**Source records**.
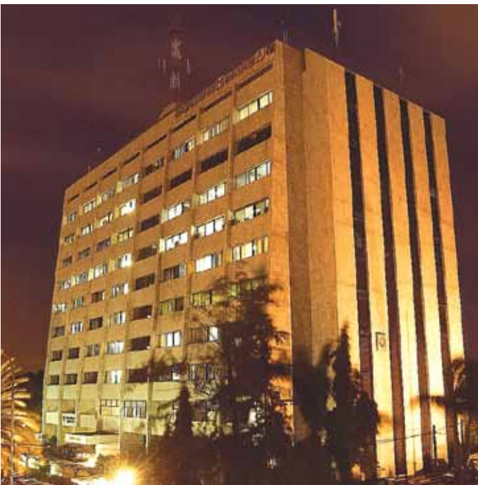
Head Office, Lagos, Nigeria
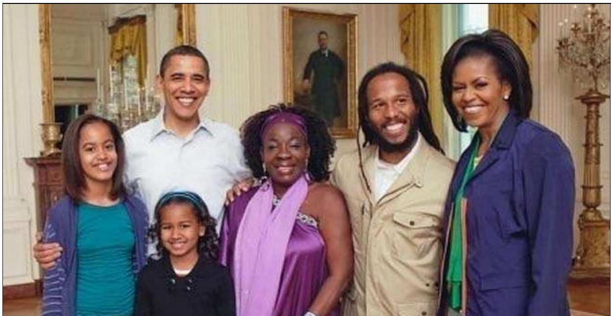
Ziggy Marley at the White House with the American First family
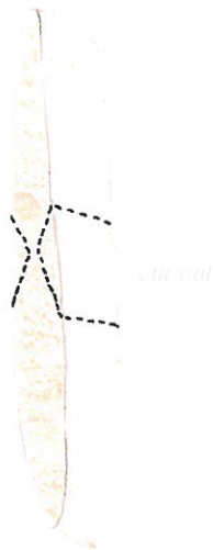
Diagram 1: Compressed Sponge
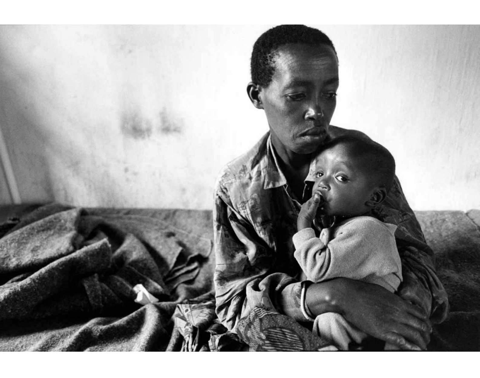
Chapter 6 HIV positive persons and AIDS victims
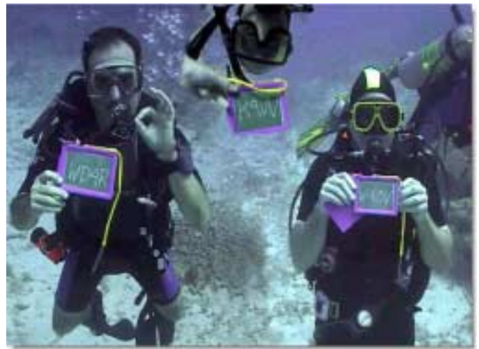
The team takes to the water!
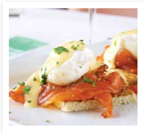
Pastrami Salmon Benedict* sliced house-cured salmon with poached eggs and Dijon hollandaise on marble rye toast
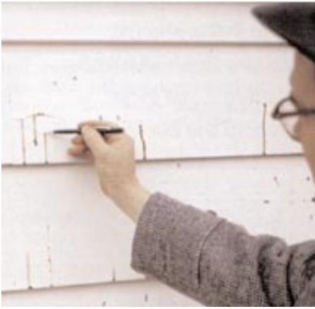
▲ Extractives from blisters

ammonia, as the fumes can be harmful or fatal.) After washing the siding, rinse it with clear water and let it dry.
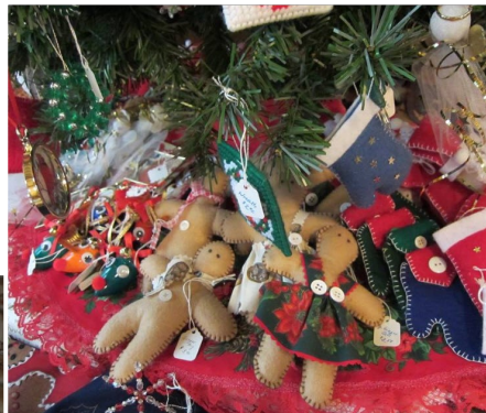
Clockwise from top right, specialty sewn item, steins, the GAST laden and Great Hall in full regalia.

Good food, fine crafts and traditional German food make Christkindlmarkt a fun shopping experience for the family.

* * *

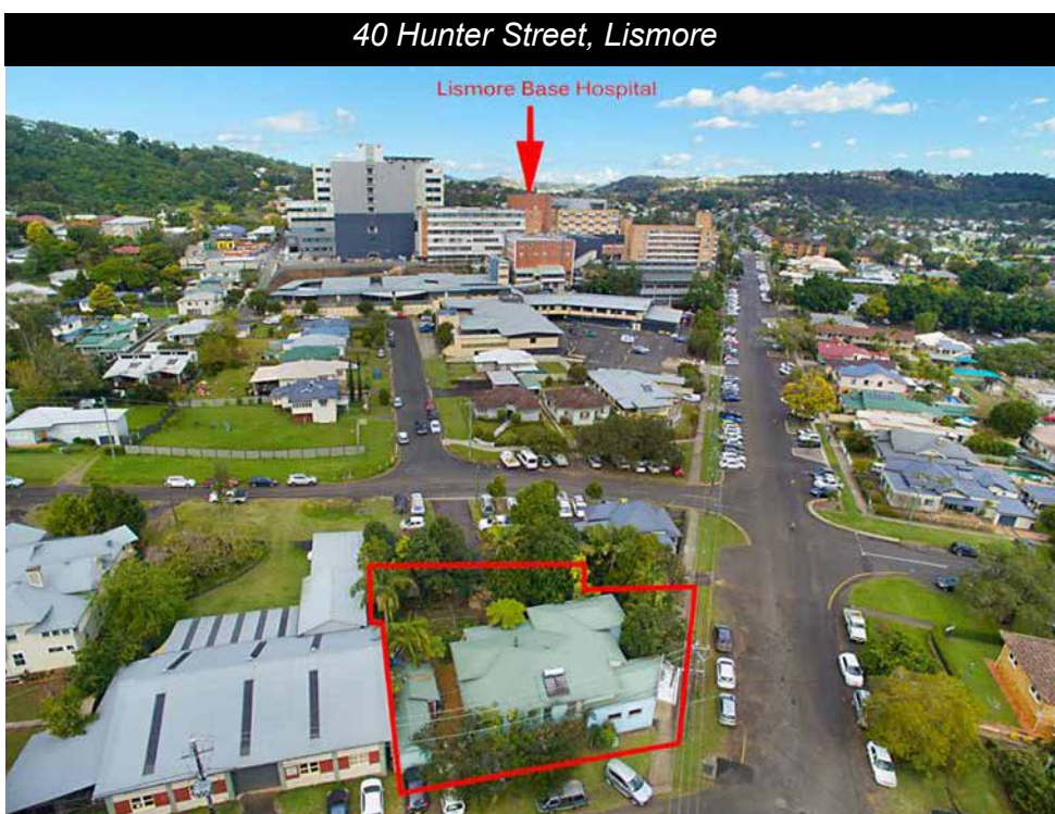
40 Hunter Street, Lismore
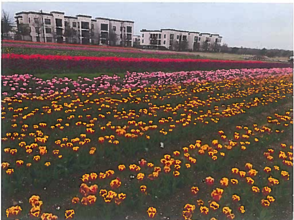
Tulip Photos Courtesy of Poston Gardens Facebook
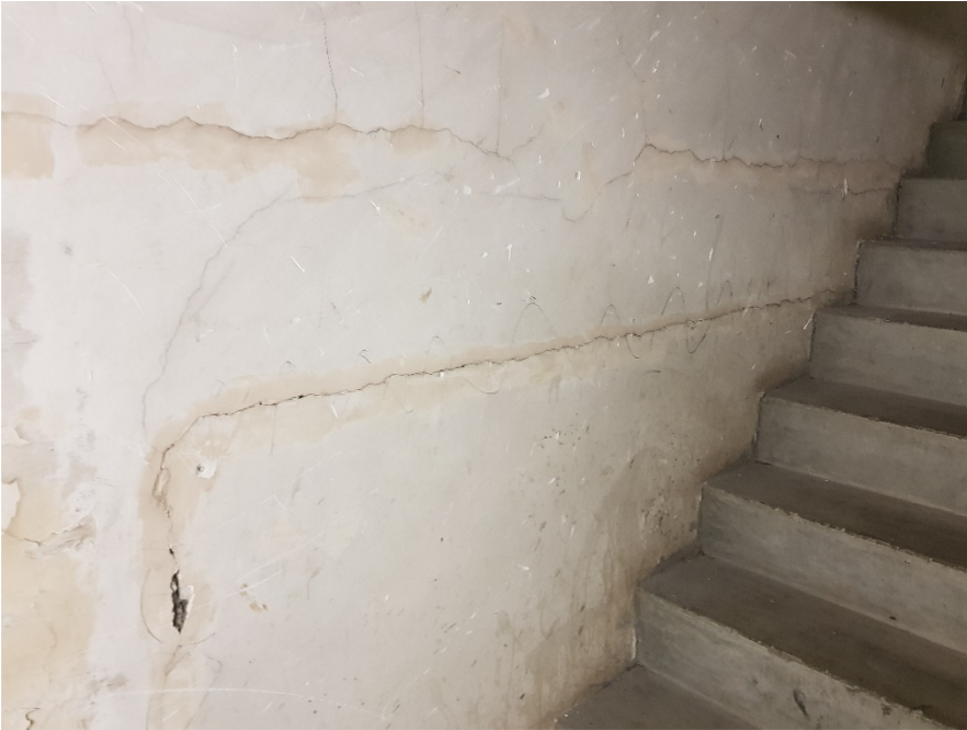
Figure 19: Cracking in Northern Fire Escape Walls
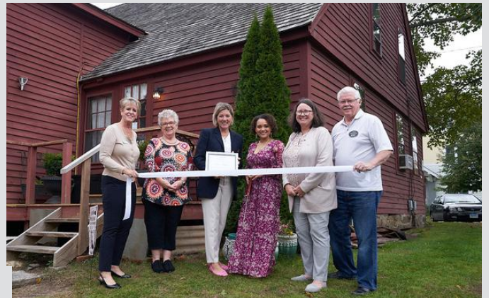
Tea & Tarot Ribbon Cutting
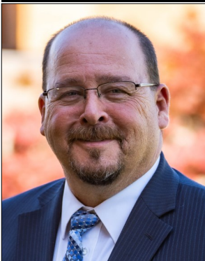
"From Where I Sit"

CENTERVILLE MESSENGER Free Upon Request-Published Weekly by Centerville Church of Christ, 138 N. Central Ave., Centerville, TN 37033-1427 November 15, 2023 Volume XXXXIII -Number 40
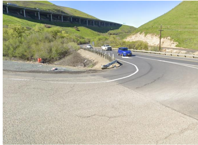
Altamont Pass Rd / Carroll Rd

**WORK TO BE COMPLETED**.
Keeping every character as it is, restate the lines above that run from the line with "Clockwise from top" through the line with "Good food, fine", both included, and nothing else.

**YOUR RESPONSE**.
Clockwise from top right, specialty sewn item, steins, the GAST laden and Great Hall in full regalia.

Good food, fine crafts and traditional German food make Christkindlmarkt a fun shopping experience for the family.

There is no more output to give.